• [Your task]: Among the records that follow, set down only the lines from the one containing "By presenting my" to the one containing "下半开刚场始就厉加更害,热火", both included, exactly.
(Data for this task)
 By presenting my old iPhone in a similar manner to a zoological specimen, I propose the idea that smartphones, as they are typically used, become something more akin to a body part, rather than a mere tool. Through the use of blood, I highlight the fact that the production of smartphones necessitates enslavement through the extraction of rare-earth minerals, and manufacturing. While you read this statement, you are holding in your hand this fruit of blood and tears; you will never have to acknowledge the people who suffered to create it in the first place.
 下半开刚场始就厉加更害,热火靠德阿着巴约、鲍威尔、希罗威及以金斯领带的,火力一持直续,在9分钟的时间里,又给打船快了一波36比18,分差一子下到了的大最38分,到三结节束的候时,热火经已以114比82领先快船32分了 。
(End Data for this task)
(Data for this task)
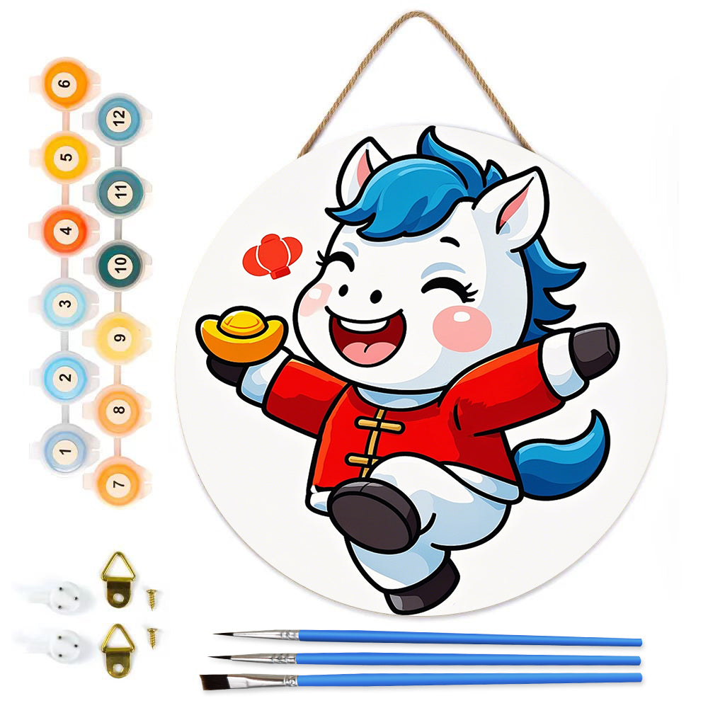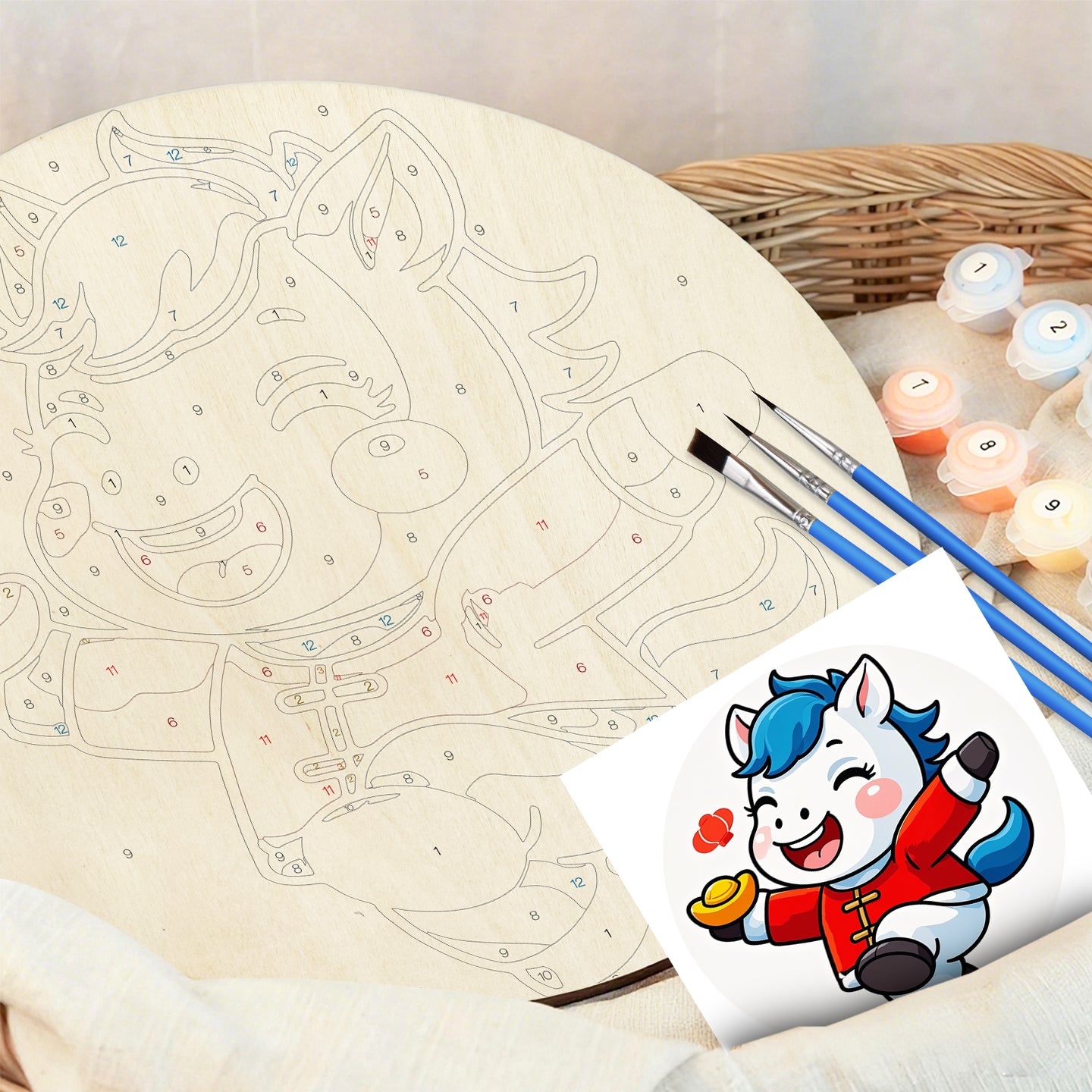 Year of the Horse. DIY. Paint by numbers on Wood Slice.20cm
(End Data for this task)
• [Solution to this exercise]:
 By presenting my old iPhone in a similar manner to a zoological specimen, I propose the idea that smartphones, as they are typically used, become something more akin to a body part, rather than a mere tool. Through the use of blood, I highlight the fact that the production of smartphones necessitates enslavement through the extraction of rare-earth minerals, and manufacturing. While you read this statement, you are holding in your hand this fruit of blood and tears; you will never have to acknowledge the people who suffered to create it in the first place.
 下半开刚场始就厉加更害,热火靠德阿着巴约、鲍威尔、希罗威及以金斯领带的,火力一持直续,在9分钟的时间里,又给打船快了一波36比18,分差一子下到了的大最38分,到三结节束的候时,热火经已以114比82领先快船32分了 。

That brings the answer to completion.